392224 Stabilities of exosomes derived from mammalian cells: nanoparticle morphology and functional RNAs

Wednesday, November 19, 2014: 9:46 AM
202 (Hilton Atlanta)
Yueting Wu1, Vanessa Cuppett1 and David J. Klinke2, (1)Department of Chemical Engineering, West Virginia University, Morgantown, WV, (2)Microbiology, Immunology and Cell Biology, West Virginia University, Morgantown, WV

Currently, it has been widely accepted that most mammalian cells release nanoscaled membrane vesicles called exosomes, transferring functional molecules of proteins and RNAs derived from the parent cells. The specific function of exosomes in regulating immunity and promoting oncogenes remains to be investigated. This study assessed the stabilities of exosomes and the functional RNA molecules enclosed. Scanning electron microscope (SEM) was used to inspect the morphology of exosomes, assessing the changes in exosomes due to different production and storage conditions.

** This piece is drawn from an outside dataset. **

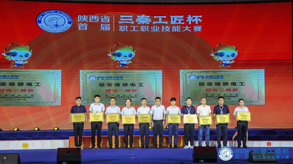 陜西省總工會二級巡視員余華,陜西省總工會職工創(chuàng)新技術(shù)協(xié)作中心主任賀娟、副主任段盟,榆林市總工會副主席劉煜,榆林市總工會經(jīng)濟法律保障部部長慕東霞,神木市總工會常務副主席王嘉華,陜煤集團人力資源部總經(jīng)理李聰,陜煤集團神南產(chǎn)業(yè)發(fā)展公司黨委書記、董事長喬少波,以及相關(guān)單位領(lǐng)導、裁判員、參賽選手、新聞媒體記者等參加了頒獎儀式。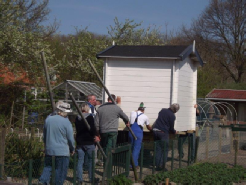 Er wordt gefreesd, de kleikluiten moeten fijn en dat is eigenlijk al te laat: de grond had .al vol moeten staan met plantjes. De aardappelen hadden allang in hun bedjes moeten liggen. Bij de erwten, die al goed gegroeid zijn, moet rijshout geplant worden, zodat ze omhoog kunnen klimmen. Bamboestokken en buizen moeten al in de grond gedreven zijn. Netten gespannen. Wat de een naar de stort brengt, gebruikt de ander hier met plezier: oude elektriciteitsbuizen worden gebogen in de grond gezet. Ze dienen als geraamten voor tunnels en .netten. Afgedankte golfplaten dienen als afscheiding, beddenspiralen zijn klimrekken voor planten; stukken PVC-pijp worden kragen voor koolplanten, oude ramen worden een broeikas. Vorige week zaterdag was er opeens een oud tuinhuis dat verplaatst moest worden.

Optimal SEM sample processing method was investigated for fast and accurate analysis of intact exosome particles using SEM. As a comparison to exosomes, apoptotic vesicles were also inspected and analyzed using SEM. The quality and stability of RNAs contained within the exosomes was characterized using Agilent Bioanalyzer, showing the changes of RNA molecules enclosed in exosomes and stored for days, months, and up to 2 years under -80 degree C. Exosomal RNAs isolated from exosomes that were produced from serum-containing or serum-free conditions, respectively, and at medium incubation time 12 to 48 hours, were analyzed and showed stable and characteristic spectrum for various exosomal nucleotides. Collectively the results suggested improved methods for processing and storage of exosomes that preserve morphological and biochemical characteristics. In order to reproducibly investigate exosome functions,  it is essential to maintain a near native state of exosomes and preserve their functional molecules during sample handling, analyzing and storing.